* **Problem details**: Word for word, please restate the lines from the beginning of the data through the line in which "総運![]() | 小池礎さんの総運は28画の1つ星!家庭環境に注意。スポーツで活躍できる能力があるかも。" appears.

* **Supplied information**:
_ _ _

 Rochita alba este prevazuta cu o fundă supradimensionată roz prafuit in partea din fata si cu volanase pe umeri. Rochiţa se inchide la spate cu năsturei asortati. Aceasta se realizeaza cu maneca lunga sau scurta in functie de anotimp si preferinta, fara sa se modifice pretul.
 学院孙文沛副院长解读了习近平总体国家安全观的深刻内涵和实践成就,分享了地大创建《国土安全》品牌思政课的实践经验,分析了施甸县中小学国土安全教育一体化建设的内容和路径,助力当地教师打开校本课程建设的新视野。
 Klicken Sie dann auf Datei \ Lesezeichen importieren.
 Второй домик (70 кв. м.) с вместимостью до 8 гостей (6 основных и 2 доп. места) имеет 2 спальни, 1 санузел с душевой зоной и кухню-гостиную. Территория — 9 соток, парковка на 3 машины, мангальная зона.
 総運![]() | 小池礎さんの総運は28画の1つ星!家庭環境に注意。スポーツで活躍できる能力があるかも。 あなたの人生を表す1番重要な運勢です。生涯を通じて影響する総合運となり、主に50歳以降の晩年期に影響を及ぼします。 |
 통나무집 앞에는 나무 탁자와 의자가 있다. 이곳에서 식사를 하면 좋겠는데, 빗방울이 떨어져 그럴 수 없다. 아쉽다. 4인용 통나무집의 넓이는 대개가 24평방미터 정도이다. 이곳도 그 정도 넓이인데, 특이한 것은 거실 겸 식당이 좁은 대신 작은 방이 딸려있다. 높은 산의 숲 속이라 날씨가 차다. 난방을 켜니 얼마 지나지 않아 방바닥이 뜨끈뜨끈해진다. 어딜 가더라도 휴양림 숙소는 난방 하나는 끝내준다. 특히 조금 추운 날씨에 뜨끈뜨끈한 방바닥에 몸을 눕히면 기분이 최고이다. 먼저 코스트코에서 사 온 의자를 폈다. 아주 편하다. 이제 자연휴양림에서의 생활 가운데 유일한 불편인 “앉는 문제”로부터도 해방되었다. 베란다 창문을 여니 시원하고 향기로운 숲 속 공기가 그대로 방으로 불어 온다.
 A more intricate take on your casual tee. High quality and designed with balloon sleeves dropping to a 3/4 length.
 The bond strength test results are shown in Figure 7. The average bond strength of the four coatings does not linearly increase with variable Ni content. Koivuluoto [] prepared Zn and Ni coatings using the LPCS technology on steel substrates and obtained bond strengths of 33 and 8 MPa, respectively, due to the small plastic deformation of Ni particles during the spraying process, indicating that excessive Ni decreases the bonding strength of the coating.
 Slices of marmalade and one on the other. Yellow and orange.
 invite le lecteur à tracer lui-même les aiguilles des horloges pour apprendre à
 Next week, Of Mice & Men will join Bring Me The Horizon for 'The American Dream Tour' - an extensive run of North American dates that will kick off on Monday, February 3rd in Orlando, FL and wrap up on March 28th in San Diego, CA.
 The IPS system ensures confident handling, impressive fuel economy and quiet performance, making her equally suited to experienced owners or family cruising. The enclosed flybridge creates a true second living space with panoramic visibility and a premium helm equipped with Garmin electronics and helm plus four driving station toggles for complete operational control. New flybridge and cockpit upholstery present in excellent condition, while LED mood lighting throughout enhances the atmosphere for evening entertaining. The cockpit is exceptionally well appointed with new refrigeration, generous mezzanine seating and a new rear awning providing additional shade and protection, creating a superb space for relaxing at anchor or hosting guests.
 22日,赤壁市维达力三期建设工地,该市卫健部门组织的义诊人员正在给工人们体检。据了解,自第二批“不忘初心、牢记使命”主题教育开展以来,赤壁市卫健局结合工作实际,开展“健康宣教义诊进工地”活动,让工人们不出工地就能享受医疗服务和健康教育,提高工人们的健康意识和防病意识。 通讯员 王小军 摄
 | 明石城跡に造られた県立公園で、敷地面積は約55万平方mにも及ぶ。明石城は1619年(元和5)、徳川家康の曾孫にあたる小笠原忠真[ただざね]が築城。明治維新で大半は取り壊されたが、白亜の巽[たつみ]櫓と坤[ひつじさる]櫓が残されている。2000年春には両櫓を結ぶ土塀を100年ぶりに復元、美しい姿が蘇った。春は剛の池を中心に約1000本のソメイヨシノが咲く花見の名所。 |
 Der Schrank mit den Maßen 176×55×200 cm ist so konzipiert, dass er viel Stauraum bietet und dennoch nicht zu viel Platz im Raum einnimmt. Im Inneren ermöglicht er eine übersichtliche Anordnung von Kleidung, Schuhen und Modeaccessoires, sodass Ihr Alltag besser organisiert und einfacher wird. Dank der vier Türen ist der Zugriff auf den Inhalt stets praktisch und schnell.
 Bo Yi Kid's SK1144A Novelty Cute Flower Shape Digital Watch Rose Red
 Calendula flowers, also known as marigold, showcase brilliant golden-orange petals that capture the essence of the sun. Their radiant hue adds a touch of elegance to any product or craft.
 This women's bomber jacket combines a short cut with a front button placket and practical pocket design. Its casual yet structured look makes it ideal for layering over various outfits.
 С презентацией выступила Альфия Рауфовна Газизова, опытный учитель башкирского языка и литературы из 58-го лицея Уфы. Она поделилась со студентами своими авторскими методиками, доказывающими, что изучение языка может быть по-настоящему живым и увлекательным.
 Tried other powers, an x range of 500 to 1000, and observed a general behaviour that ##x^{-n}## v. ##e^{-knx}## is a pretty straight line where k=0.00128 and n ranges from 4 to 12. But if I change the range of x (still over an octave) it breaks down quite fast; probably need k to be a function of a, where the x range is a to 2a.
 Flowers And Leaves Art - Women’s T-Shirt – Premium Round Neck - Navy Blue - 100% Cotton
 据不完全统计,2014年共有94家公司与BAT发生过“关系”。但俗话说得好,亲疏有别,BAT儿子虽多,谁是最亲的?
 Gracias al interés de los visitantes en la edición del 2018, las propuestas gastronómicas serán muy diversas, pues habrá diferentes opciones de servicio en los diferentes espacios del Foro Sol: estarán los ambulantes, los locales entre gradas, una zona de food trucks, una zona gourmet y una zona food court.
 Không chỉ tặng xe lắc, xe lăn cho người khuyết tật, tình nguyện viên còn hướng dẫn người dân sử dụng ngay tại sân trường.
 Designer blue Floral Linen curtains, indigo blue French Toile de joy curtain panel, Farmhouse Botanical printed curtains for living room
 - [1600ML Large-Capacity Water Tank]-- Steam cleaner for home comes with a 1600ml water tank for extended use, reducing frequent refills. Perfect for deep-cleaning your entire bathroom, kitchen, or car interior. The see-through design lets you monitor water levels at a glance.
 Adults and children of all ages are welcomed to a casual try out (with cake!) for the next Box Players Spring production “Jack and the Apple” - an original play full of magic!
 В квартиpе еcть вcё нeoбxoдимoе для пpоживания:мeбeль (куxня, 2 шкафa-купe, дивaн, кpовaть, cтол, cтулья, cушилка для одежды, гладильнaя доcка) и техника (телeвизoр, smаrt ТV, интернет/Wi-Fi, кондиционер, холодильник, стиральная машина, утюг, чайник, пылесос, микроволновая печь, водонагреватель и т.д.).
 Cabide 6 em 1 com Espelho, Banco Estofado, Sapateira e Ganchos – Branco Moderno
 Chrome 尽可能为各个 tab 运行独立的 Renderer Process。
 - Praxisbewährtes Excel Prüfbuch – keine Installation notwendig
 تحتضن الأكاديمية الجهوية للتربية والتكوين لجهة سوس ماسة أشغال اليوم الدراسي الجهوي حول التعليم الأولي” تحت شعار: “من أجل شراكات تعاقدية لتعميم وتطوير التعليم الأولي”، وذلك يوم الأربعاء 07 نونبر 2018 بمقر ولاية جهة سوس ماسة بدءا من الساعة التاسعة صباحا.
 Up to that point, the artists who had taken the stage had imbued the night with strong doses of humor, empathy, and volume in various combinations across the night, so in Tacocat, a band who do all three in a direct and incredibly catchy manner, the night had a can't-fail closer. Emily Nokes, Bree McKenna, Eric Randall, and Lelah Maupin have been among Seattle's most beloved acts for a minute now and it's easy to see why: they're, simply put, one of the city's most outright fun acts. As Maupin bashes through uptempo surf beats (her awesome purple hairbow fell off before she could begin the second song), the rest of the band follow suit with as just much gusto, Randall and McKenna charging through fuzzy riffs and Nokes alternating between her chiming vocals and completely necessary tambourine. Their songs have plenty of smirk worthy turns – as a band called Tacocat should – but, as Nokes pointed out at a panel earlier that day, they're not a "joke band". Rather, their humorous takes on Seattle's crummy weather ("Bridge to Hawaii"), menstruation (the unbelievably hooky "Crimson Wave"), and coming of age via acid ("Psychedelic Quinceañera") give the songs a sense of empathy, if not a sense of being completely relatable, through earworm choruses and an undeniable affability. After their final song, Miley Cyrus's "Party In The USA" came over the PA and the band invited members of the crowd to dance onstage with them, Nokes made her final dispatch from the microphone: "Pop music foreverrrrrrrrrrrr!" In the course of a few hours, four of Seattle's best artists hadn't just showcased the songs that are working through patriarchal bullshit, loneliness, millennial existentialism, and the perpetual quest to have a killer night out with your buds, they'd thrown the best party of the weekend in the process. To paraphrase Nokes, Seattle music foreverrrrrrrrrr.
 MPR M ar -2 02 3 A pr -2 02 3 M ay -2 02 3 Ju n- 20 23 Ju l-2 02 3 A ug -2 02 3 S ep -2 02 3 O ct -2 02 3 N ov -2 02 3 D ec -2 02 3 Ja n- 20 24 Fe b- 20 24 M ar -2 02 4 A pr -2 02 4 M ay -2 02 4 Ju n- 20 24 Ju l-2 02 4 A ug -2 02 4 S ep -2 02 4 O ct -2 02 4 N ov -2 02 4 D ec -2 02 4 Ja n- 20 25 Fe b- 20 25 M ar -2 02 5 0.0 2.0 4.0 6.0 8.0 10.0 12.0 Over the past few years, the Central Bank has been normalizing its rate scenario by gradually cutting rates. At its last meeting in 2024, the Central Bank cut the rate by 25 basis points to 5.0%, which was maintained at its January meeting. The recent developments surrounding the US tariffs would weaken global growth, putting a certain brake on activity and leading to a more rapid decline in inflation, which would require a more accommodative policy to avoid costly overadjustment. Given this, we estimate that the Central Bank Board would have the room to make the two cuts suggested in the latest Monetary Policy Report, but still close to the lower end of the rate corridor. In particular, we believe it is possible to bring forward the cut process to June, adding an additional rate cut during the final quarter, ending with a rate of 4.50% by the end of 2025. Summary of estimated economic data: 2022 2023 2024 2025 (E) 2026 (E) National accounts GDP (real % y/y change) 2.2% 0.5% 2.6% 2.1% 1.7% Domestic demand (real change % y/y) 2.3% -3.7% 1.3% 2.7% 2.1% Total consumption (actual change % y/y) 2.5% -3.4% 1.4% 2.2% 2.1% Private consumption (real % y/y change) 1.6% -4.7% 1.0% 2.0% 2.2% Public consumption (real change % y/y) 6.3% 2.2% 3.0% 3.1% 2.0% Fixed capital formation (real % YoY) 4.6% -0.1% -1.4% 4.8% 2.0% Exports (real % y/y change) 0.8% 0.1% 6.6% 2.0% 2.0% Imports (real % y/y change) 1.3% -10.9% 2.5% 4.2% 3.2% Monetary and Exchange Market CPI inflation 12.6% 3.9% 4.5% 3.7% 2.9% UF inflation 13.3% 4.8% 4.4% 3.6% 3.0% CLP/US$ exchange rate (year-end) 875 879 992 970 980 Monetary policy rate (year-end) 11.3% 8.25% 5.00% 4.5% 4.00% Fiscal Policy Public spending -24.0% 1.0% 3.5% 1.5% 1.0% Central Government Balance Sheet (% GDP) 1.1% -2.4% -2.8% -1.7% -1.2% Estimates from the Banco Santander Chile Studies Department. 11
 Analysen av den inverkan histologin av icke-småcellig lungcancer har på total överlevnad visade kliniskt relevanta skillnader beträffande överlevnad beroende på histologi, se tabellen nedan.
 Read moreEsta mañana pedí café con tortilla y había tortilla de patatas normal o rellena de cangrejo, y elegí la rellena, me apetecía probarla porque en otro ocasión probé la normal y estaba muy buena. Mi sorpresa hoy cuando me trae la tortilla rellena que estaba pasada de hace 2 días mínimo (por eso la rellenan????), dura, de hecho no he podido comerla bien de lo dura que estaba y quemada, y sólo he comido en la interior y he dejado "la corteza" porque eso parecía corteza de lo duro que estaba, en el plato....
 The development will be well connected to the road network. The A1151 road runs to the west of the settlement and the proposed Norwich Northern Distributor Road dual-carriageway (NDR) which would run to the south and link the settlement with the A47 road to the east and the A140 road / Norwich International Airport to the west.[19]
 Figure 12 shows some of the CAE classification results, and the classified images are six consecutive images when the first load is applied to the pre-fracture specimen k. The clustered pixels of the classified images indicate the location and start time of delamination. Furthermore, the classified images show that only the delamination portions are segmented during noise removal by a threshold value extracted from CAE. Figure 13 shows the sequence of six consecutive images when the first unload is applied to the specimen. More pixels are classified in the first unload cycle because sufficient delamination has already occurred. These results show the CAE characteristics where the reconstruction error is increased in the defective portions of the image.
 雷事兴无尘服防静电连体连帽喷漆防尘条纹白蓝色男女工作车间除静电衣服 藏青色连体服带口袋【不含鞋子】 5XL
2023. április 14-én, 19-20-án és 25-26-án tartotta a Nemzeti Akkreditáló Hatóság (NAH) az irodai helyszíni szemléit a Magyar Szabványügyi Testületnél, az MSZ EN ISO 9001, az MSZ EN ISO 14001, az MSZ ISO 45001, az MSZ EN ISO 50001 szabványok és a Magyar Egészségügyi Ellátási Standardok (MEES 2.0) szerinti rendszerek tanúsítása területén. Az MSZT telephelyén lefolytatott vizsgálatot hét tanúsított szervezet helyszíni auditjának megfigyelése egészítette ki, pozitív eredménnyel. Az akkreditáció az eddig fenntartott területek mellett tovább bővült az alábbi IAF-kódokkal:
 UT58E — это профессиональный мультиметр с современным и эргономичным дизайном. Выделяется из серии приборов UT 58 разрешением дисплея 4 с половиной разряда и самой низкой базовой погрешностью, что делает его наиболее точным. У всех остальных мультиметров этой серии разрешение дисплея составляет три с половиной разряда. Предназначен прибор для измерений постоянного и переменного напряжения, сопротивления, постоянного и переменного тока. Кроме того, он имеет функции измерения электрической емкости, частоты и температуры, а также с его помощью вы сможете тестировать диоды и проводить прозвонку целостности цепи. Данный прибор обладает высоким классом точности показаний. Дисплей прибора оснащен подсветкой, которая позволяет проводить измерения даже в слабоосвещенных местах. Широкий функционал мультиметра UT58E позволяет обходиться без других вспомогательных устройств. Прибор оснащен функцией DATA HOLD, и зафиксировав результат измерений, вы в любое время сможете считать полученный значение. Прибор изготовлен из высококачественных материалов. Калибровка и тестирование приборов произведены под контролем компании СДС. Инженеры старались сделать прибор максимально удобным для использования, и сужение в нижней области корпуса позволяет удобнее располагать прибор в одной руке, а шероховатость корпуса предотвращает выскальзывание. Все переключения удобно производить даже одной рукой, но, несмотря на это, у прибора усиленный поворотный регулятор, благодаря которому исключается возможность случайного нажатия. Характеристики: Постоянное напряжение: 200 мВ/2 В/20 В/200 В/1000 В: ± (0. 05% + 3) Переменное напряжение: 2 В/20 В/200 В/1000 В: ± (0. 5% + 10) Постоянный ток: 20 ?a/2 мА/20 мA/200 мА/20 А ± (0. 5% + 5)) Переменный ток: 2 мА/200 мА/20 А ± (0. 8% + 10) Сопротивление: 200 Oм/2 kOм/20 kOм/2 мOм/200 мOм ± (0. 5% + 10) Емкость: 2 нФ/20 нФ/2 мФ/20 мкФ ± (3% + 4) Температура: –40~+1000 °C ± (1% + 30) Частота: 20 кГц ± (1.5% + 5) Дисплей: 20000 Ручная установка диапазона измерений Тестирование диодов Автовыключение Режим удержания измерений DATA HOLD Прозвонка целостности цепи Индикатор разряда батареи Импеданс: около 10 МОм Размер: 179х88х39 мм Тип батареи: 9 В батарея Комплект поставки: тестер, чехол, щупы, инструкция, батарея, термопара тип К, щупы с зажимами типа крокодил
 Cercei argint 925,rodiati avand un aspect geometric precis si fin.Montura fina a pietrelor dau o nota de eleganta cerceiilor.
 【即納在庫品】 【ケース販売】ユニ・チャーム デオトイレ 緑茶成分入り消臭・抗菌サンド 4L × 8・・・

_ _ _

* **Exercise solution**:
 Rochita alba este prevazuta cu o fundă supradimensionată roz prafuit in partea din fata si cu volanase pe umeri. Rochiţa se inchide la spate cu năsturei asortati. Aceasta se realizeaza cu maneca lunga sau scurta in functie de anotimp si preferinta, fara sa se modifice pretul.
 学院孙文沛副院长解读了习近平总体国家安全观的深刻内涵和实践成就,分享了地大创建《国土安全》品牌思政课的实践经验,分析了施甸县中小学国土安全教育一体化建设的内容和路径,助力当地教师打开校本课程建设的新视野。
 Klicken Sie dann auf Datei \ Lesezeichen importieren.
 Второй домик (70 кв. м.) с вместимостью до 8 гостей (6 основных и 2 доп. места) имеет 2 спальни, 1 санузел с душевой зоной и кухню-гостиную. Территория — 9 соток, парковка на 3 машины, мангальная зона.
 総運![]() | 小池礎さんの総運は28画の1つ星!家庭環境に注意。スポーツで活躍できる能力があるかも。 あなたの人生を表す1番重要な運勢です。生涯を通じて影響する総合運となり、主に50歳以降の晩年期に影響を及ぼします。 |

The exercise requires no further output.